2) Fitting weighted null model and testing for batch effect

First we use the function GRAB.NullModel to fit a weighted null Cox PH model and test for the batch effect between internal and external data.

#step0&1: fit a null model and estimate parameters according to batch effect p values

library(GRAB)
OutputDir <- system.file("results", package = "GRAB")
OutputStep1 <- paste0(OutputDir, "/WtCoxG_step1_out.txt")

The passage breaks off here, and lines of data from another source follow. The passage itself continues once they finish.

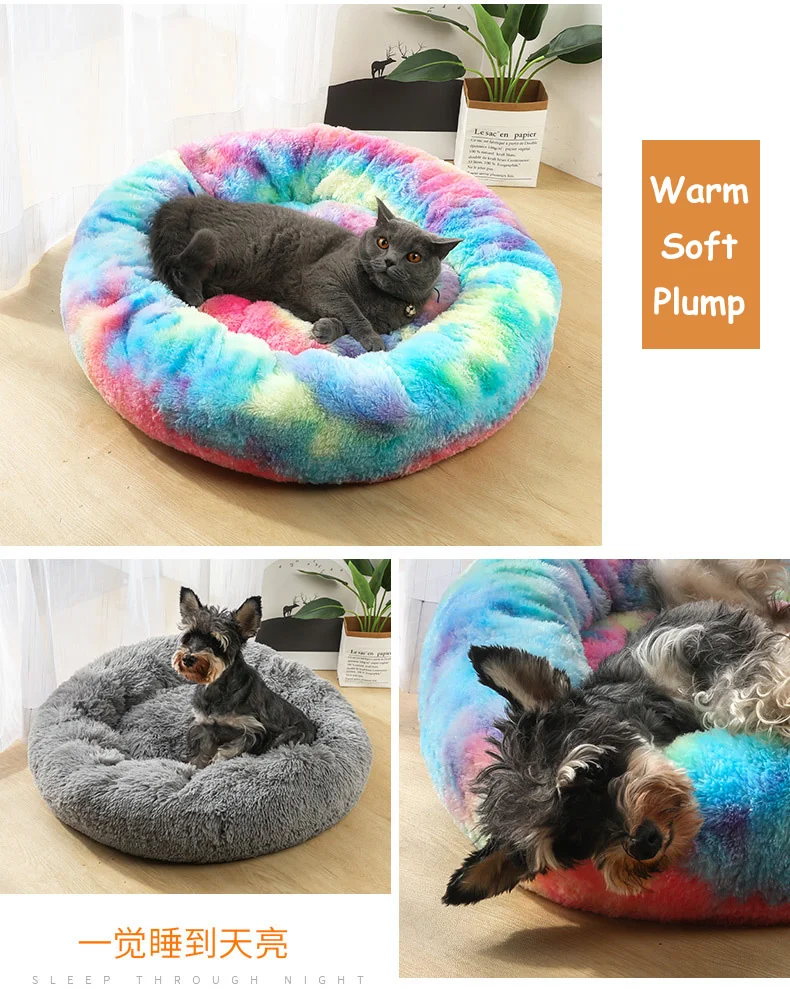 Круглая кровать для собаки дом мягкий длинный плюшевый домик для собаки кровать для корзина для собак товары для домашних животных Подушка для кошек кровать для домашних животных Коврик для дома животные диван
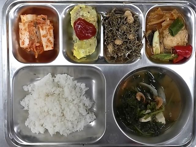 중식: 쌀밥, 건새우아욱된장국, 멸치찹쌀콩조림, 고등어김치조림, 부추해물완자, 배추김치
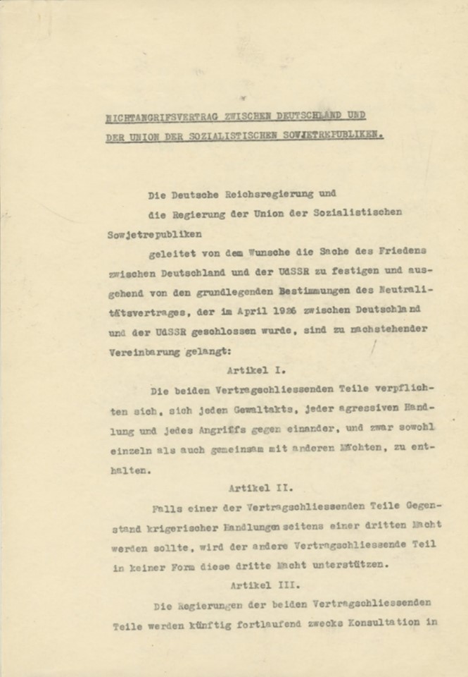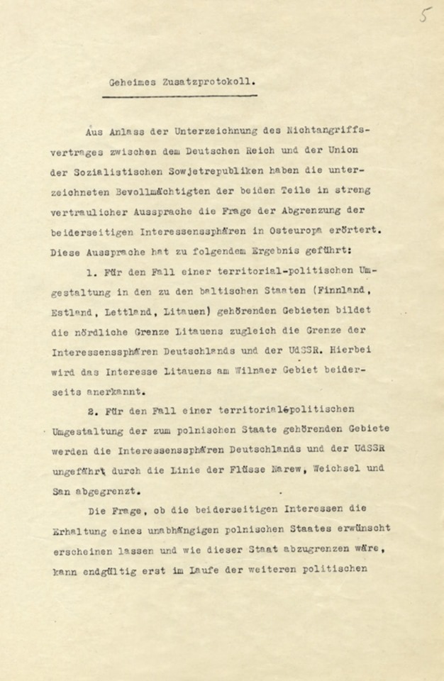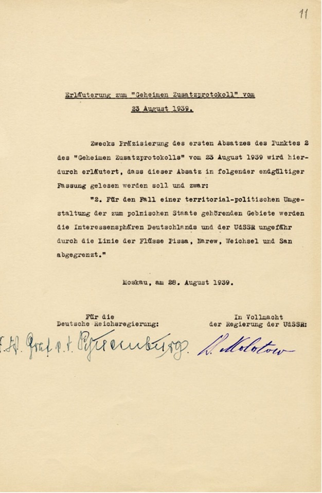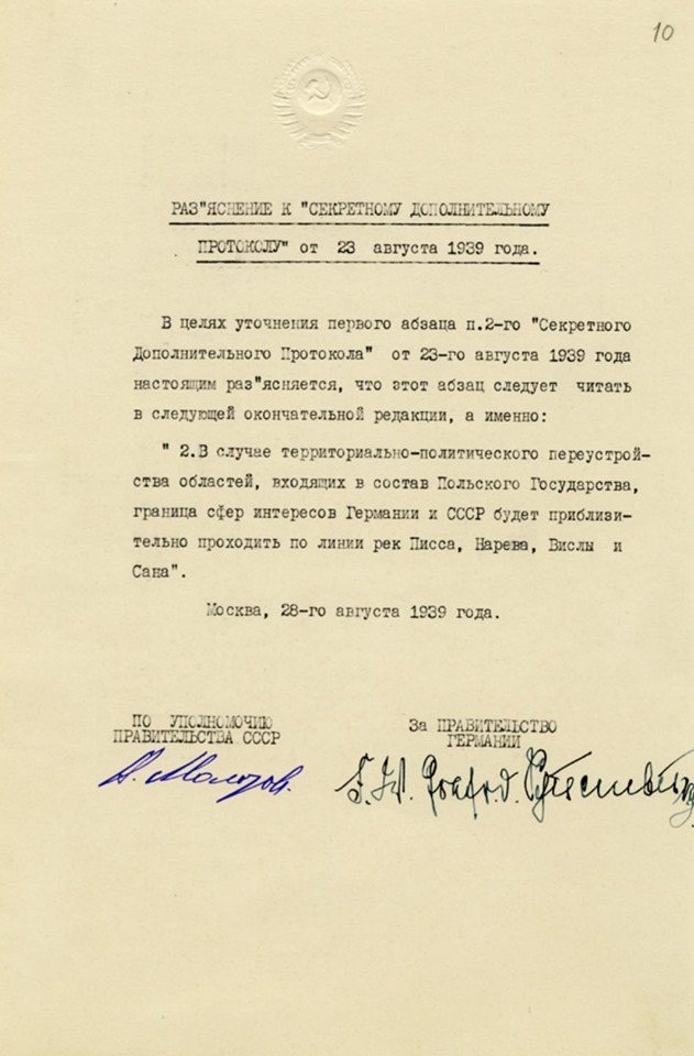 В России опубликованы советские оригинальные документы Пакта Молотова-Риббентропа. Впервые опубликованы сканы советского оригинала Договора о ненападении между Советским Союзом и Германией от 23 августа 1939 года и секретного дополнительного протокола к нему. Ранее историкам были доступны лишь фотокопии немецких оригиналов этих документов.
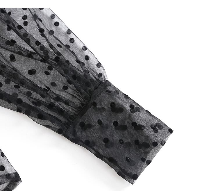 シースルーのドットブラウスとタイトなワンピースのセットアップです。

obj.WtCoxG <- GRAB.NullModel(
  formula = survival::Surv(SurvTime, SurvEvent) ~ AGE + GENDER,
  data = PhenoData,
  subjData = PhenoData$IID,
  method = "WtCoxG",
  traitType = "time-to-event",
  GenoFile = GenoFile,
  SparseGRMFile = SparseGRMFile,
  control = list(AlleleOrder = "ref-first", AllMarkers = T, RefPrevalence = RefPrevalence),
  RefAfFile = RefAfFile,
  OutputFile = OutputStep1,
  SampleIDColumn = "IID",
  SurvTimeColumn = "SurvTime",
  IndicatorColumn = "SurvEvent"
)
                                        
# check the batcheffect p-values
resultStep1 <- data.table::fread(OutputStep1)
resultStep1[, c("CHROM", "POS", "pvalue_bat")]

3) Association tests

Next, we perform association tests. Only for variants with a batch effect p > cutoff (in this example, cutoff = 0.1), tests utilizing external allele frequencies will be performed. In an output file of this step, column WtCoxG.noext is p-values without using external allele frequencies; column WtCoxG.ext is p-values utilizing external allele frequencies.

#step2: association tests
OutputStep2 <- paste0(OutputDir, "/WtCoxG_step2_out.txt")
if (file.exists(OutputStep2)) file.remove(OutputStep2)
if (file.exists(paste0(OutputStep2, ".index"))) file.remove(paste0(OutputStep2, ".index"))

GRAB.Marker(
  objNull = obj.WtCoxG,
  GenoFile = GenoFile,
  OutputFile = OutputStep2,
  control = list(AlleleOrder = "ref-first", AllMarkers = T, cutoff = 0.1, nMarkersEachChunk = 5000)
)

# check association p-values
resultStep2 <- data.table::fread(OutputStep2)
resultStep2[, c("CHROM", "POS", "WtCoxG.noext", "WtCoxG.ext")]

References

Dey, R., Zhou, W., Kiiskinen, T. et al. (2022) Efficient and accurate frailty model approach for genome-wide survival association analysis in large-scale biobanks. Nat Commun 13, 5437. https://doi.org/10.1038/s41467-022-32885-x

Citation

Li, Y., Ma, Y., Xu, H., Sun, Y., Zhu, M., Yue, W., Zhou, W., & Bi, W. (2025). Applying weighted Cox regression to boost powers for genome-wide association studies of time-to-event phenotypesNature Computational Science in press.